*EXERCISE GOAL*
If a line below falls between the line with "- Kinder-Animation (Spiele" and the line with "3.57-Carat Lab-Grown Diamond", or is one of those two, output it exactly; output nothing else and no pictures.

*DATA EXTRACT*
* * * * * * * * *

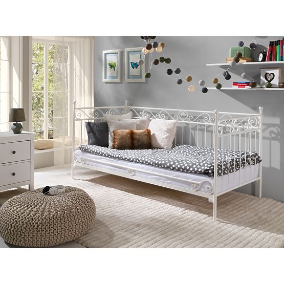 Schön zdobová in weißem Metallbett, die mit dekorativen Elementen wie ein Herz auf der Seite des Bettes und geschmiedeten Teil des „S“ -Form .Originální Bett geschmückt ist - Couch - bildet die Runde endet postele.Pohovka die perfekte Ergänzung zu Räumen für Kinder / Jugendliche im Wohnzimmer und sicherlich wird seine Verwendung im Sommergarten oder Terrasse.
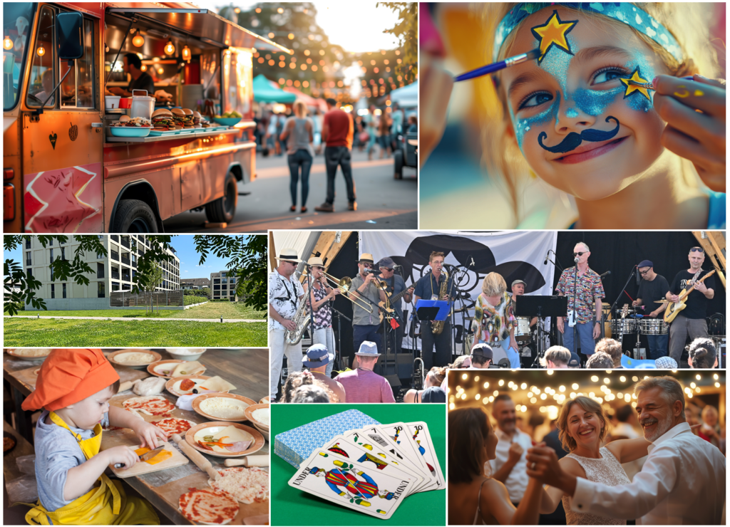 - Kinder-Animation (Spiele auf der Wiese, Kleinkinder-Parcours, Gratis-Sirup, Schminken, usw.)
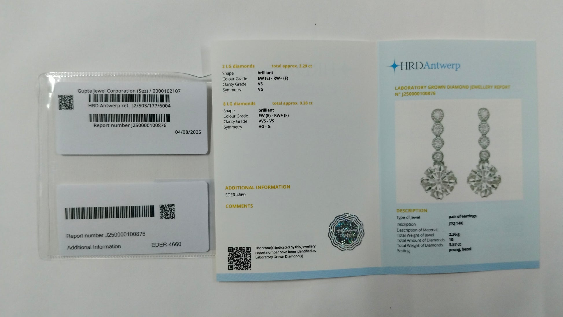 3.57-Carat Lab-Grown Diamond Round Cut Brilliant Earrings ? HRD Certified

* * * * * * * * *

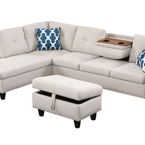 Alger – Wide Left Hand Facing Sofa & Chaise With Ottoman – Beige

* * * * * * * * *

*WRITTEN SOLUTION*
 - Kinder-Animation (Spiele auf der Wiese, Kleinkinder-Parcours, Gratis-Sirup, Schminken, usw.)
 3.57-Carat Lab-Grown Diamond Round Cut Brilliant Earrings ? HRD Certified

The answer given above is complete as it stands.